Шрифт:
— Ну давай.
Он торжественно опускает иголку на край пластинки. Что-то вздымается ввысь… словно раздается стук сердца… потом начинается нечто вроде речитатива, звучащего на восточный манер, прилипчивого и зачаровывающего одновременно. Одна и та же мелодия повторяется множество раз, но при этом — она всегда разная. В голове у меня роятся всевозможные образы. Музыка меня манит, захватывает, привораживает. Я открываю для себя «Болеро» некоего Мориса Равеля.

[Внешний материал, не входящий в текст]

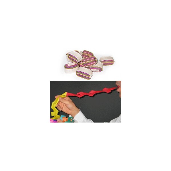 After eating a few pieces of coloured paper, the magician pulls out a 25-foot length of coloured paper!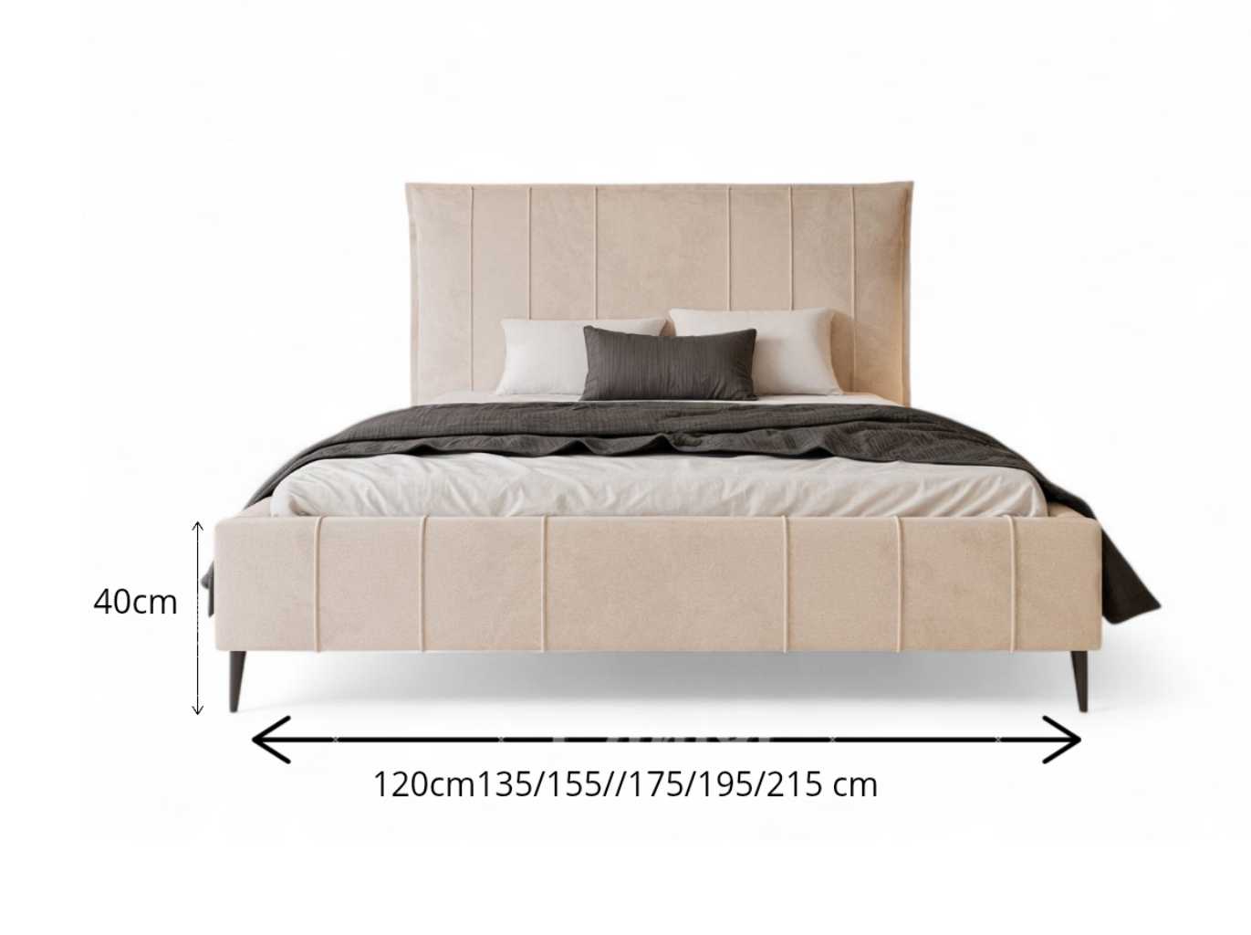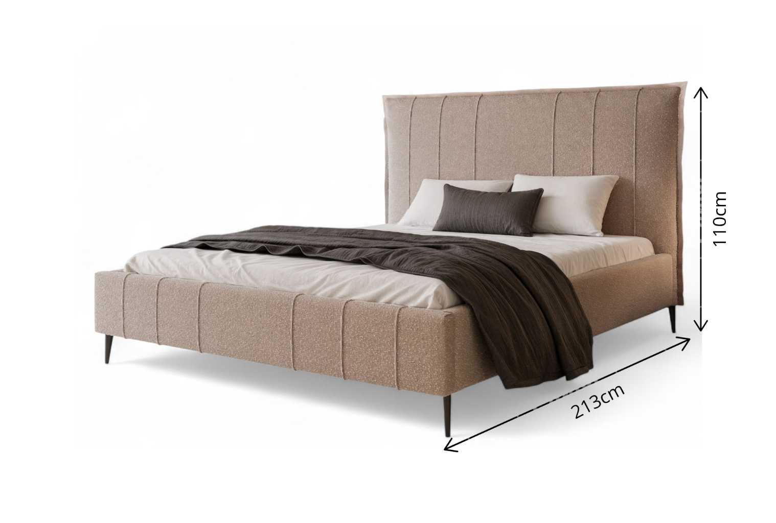 Das Herzstück des Bettes ist das hohe, weiche Kopfteil in Form eines Kissens, das in zwei Größen erhältlich ist – es sorgt nicht nur für Komfort, sondern auch für einen eleganten dekorativen Akzent.
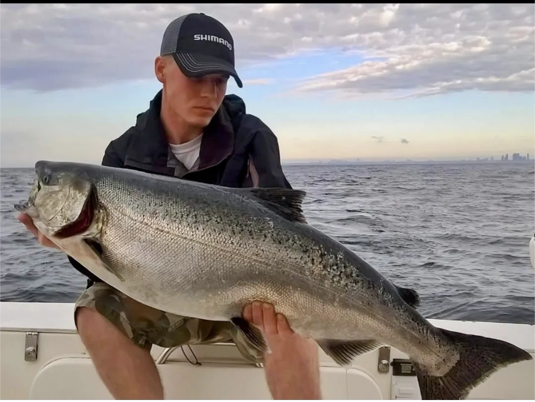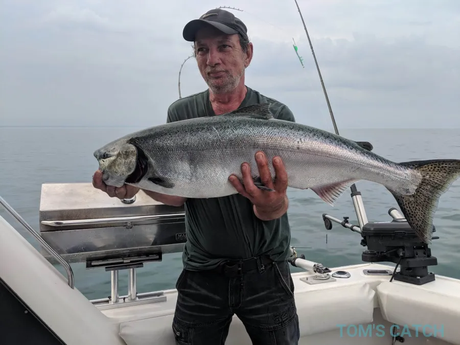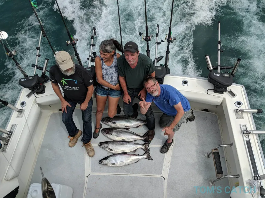 Lake Ontario vischarters voor zalm en forel. Full service, alle apparatuur aanwezig en geschikt voor grote groepen tot 16 personen. Onze charterboot is zeer ruim en schoon met veel ruimte, binnen, buiten en op de flybridge, zodat u zich onder alle weersomstandigheden comfortabel voelt. Ook een volledige, comfortabele wasruimte met stromend water.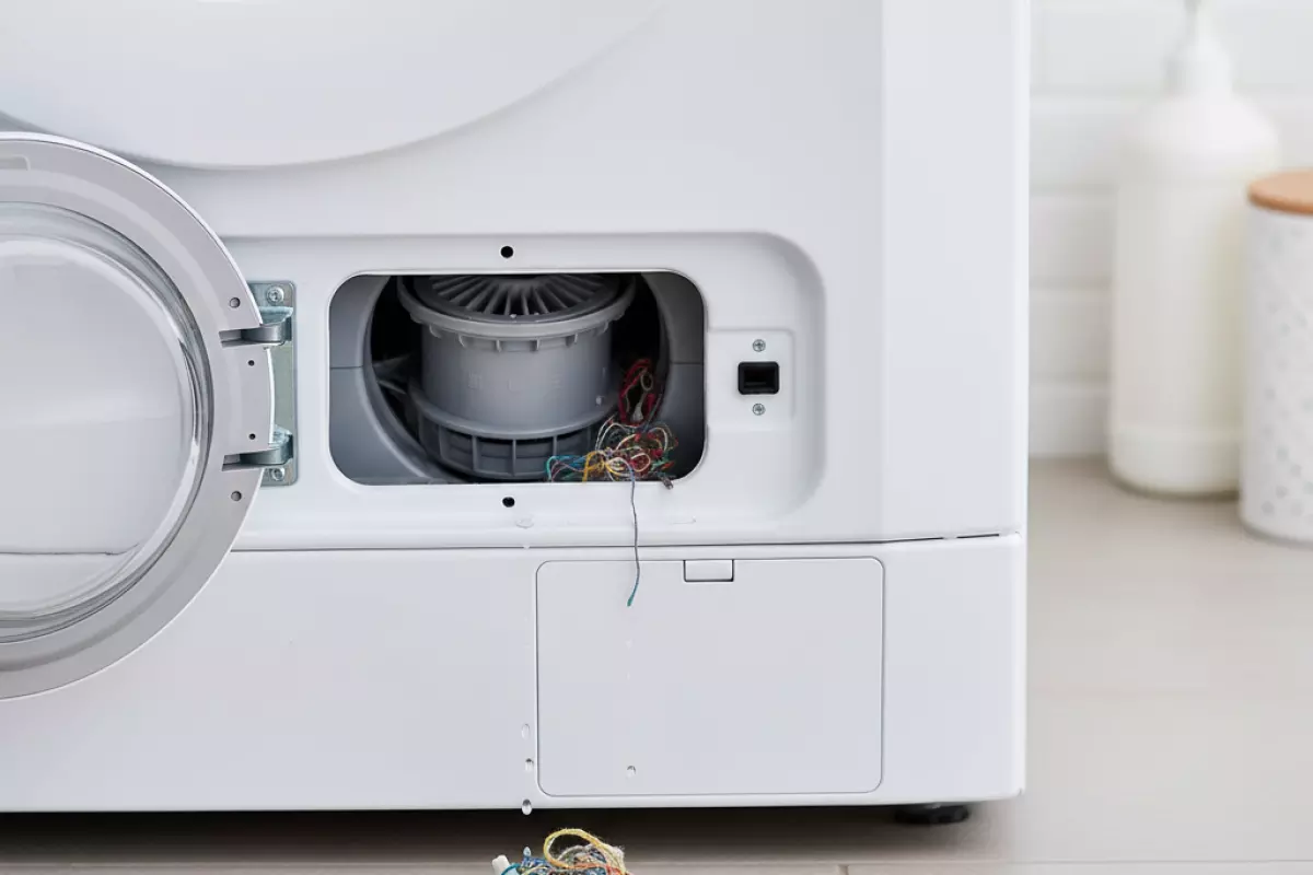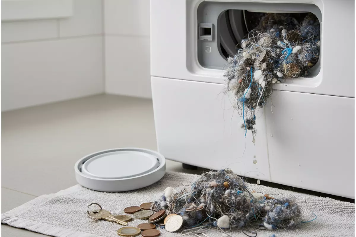 В сливном узле обычно скапливается всё, что «убежало» из карманов и отслоилось от вещей во время стирки. Сначала это кажется мелочью, но со временем мусор мешает нормальному оттоку воды, перегружает помпу и может провоцировать неприятный запах.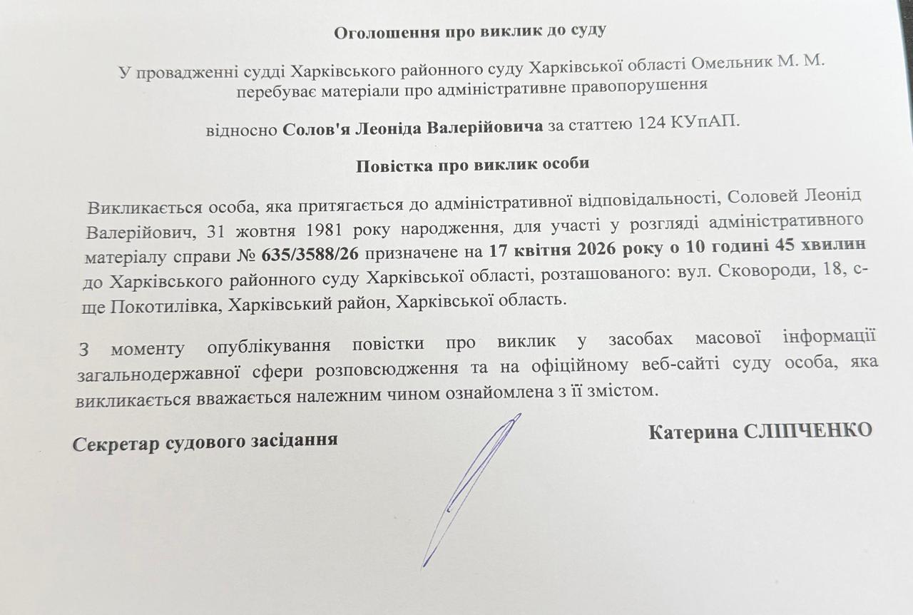 Оголошення про виклик до суду Солов'я Леоніда Валерійовича по справі №635/3588/26 на 17.04.2026 о 10 годині 45 хвилин
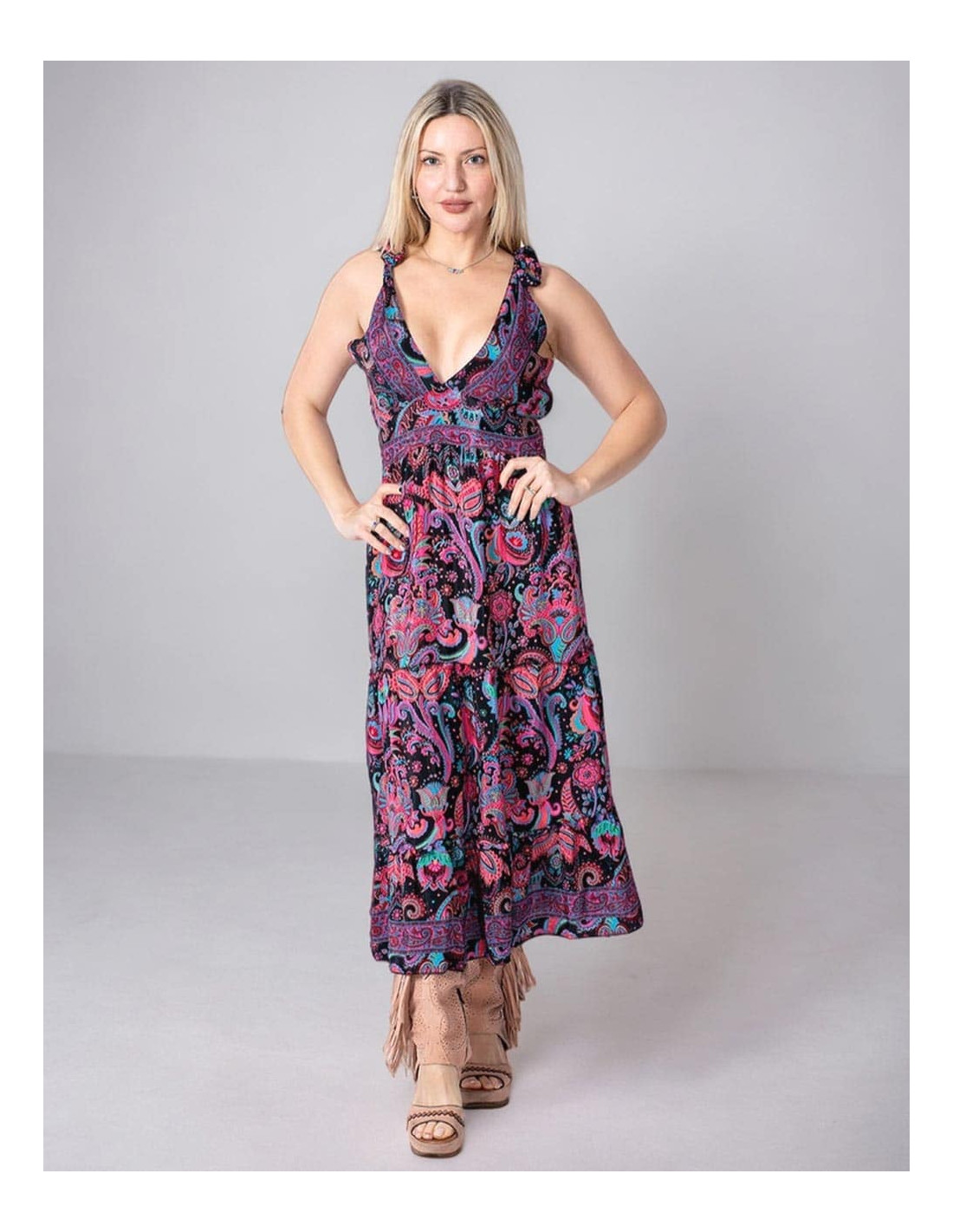 Printed dress with ruffles and open back made of silk with a blue background and drawings in various colors It belongs to the collection with the project:

— Ну как? — интересуется отец спустя восемнадцать минут.
— Можно еще раз?
Я слушаю «Болеро» весь день.
Я никогда не пользуюсь записями. Надеюсь только на свою память. Пережитое мною, рассказанные мне случаи из жизни, трагедии — вот то, из чего и складывается история людей. И я все подряд изливаю на бумагу. Меня всегда необыкновенно интересовал механизм действия человеческой памяти. Именно с ее помощью мы повествуем об истории нашего мира, по-своему интерпретируя события, видя их чем позже, тем субъективнее. Избирательная способность памяти и формирует нашу личность и превращает нас в отражение того, что запечатлел наш мозг. Исходя из этих представлений, я решил поставить эксперимент на себе самом. Поставив себе условие использовать только собственные воспоминания — то, что, как говорится, прошло испытание временем, — я приготовился снять, возможно, самый мой личный фильм, хотя речь там пойдет вовсе не обо мне, а об остальных. Обо всех остальных людях. И таких, и сяких. Мне вспоминается одна история, рассказанная отцом. Про ребенка, которого родители по дороге в лагерь смерти кладут на рельсы, чтобы спасти ему жизнь. Задумав снимать «Одни и другие», я решаю поделить мои воспоминания между четырьмя семействами, изобразив их жизнь до, во время и после войны. В этом фильме задействовано слишком много актеров, чтобы я мог упомянуть каждого. Я испытываю особое удовольствие, пригласив сниматься Джеральдину Чаплин, дочь великого Чарли Чаплина, который однажды дал мне на чай, приняв меня за портье «Фильмы 13». Это была одна из милых шуток судьбы. Я рассказываю Джеральдине эту историю, не забывая сказать и том, как Шарло, желая загладить вину, согласился выпить со мной. Беседуя за рюмкой вина, он уверял меня, что видел все мои фильмы и является моим горячим поклонником. Нечего и говорить, насколько я был этим взволнован.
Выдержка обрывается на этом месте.